▶ **Source information**:
◇ ◇ ◇ ◇ ◇ ◇ ◇

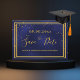 A Save the Date card for a Graduation Party party for a guy, man, male. A navy blue background decorated with golden confetti and a faux gold frame. The blue color is uneven. Personalize and add a date and name. Golden colored letters. The text: Save the Date is written with a large trendy hand lettered style script.
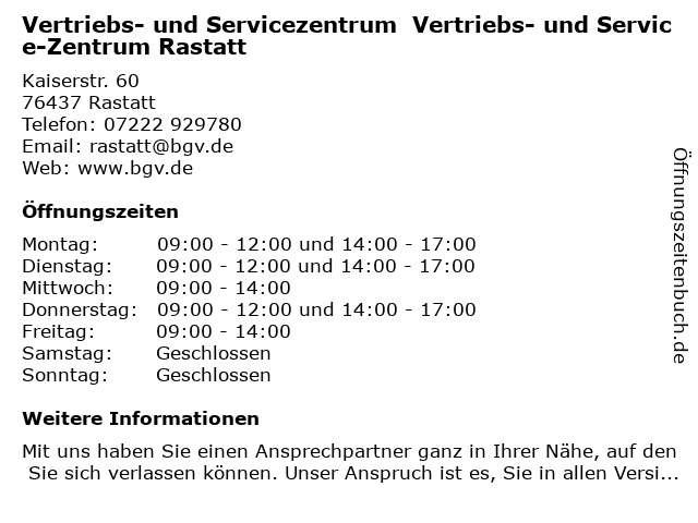Branchen & Suchbegriffe zu Vertriebs- und Servicezentrum Vertriebs- und Service-Zentrum Rastatt:gebäude- und hausratsversicherung, kfz-versicherung (motorrad), lebensversicherung, service, servicezentrum, vertriebs, zahnmedizinische versicherung, zentrum |
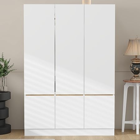 Merax 6-Doors Wooden Wardrobe Closet Storage Shelves and Hanging Rail for Clothes for Bedroom Organizer, White
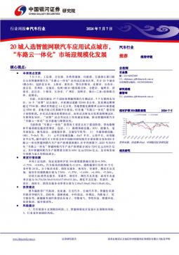 [无人驾驶]2024-07-09-中国银河-汽车行业行业周报:20城入选智能网联汽车应用试点城市,“车路云一体化”市场迎规模化发展-20页(银创产业通www.chanyetong.net)(银创产业通www.chanyetong.net)
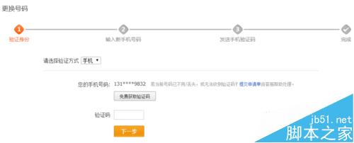 4、可以看到更換手機(jī)號(hào)碼只需要三個(gè)步驟,通過(guò)舊手機(jī)號(hào)碼驗(yàn)證身份——輸入新的手機(jī)號(hào)——填寫(xiě)發(fā)送到新的手機(jī)上的號(hào)碼,這樣便完成了手機(jī)號(hào)的更換。
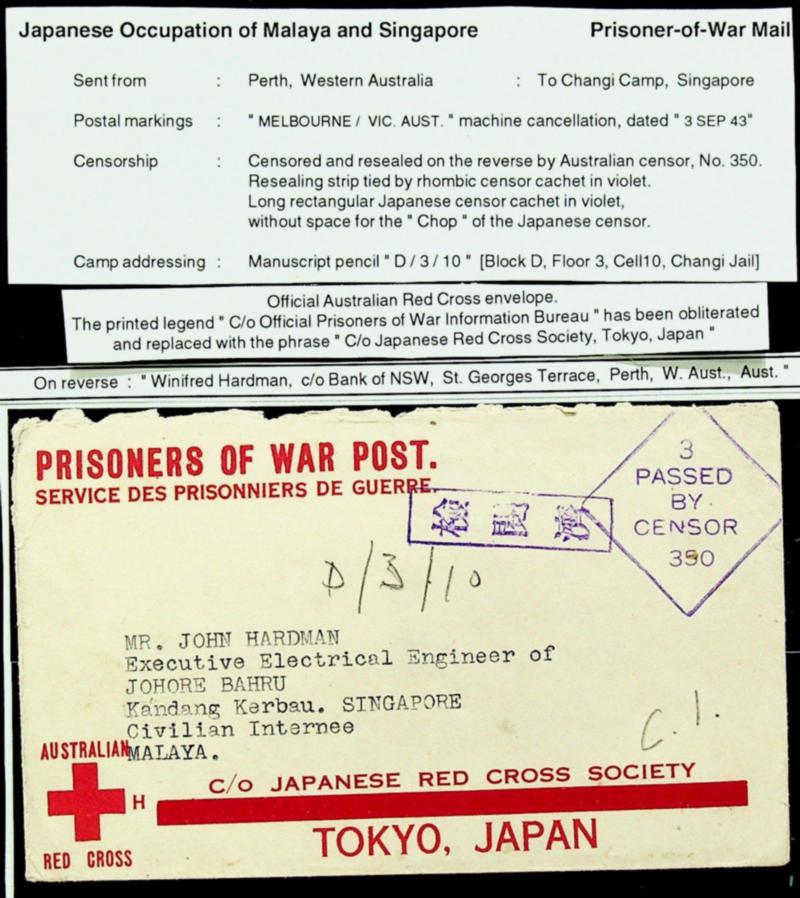 Australia 1943 WWII Red Cross Prisoner of War censored cover from Melbourne VIc. to Changi Camp Singapore Malaya Japanese occupation (Image)
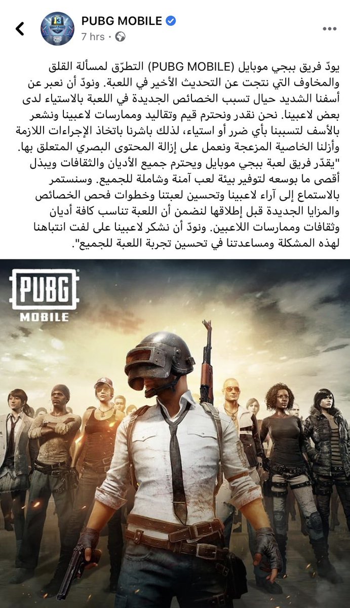 ونشرت دار الإفتاء المصرية، على صفحتها الرسمية بـ"فيسبوك" وتويتر، الخميس، البيان الذي أصدره فريق لعبة بابجي حول التعديلات الجديدة، معلقة " شكرا على الاستجابة السريعة".

◇ ◇ ◇ ◇ ◇ ◇ ◇

▶ **Task objective**:
Only the lines from the start of the material to the line with "Australia 1943 WWII", inclusive, belong in the answer, printed exactly and free of pictures.

▶ **The completed task**:
 A Save the Date card for a Graduation Party party for a guy, man, male. A navy blue background decorated with golden confetti and a faux gold frame. The blue color is uneven. Personalize and add a date and name. Golden colored letters. The text: Save the Date is written with a large trendy hand lettered style script.
Branchen & Suchbegriffe zu Vertriebs- und Servicezentrum Vertriebs- und Service-Zentrum Rastatt:gebäude- und hausratsversicherung, kfz-versicherung (motorrad), lebensversicherung, service, servicezentrum, vertriebs, zahnmedizinische versicherung, zentrum |
 Merax 6-Doors Wooden Wardrobe Closet Storage Shelves and Hanging Rail for Clothes for Bedroom Organizer, White
 [无人驾驶]2024-07-09-中国银河-汽车行业行业周报:20城入选智能网联汽车应用试点城市,“车路云一体化”市场迎规模化发展-20页(银创产业通www.chanyetong.net)(银创产业通www.chanyetong.net)
 4、可以看到更換手機(jī)號(hào)碼只需要三個(gè)步驟,通過(guò)舊手機(jī)號(hào)碼驗(yàn)證身份——輸入新的手機(jī)號(hào)——填寫(xiě)發(fā)送到新的手機(jī)上的號(hào)碼,這樣便完成了手機(jī)號(hào)的更換。
 Australia 1943 WWII Red Cross Prisoner of War censored cover from Melbourne VIc. to Changi Camp Singapore Malaya Japanese occupation (Image)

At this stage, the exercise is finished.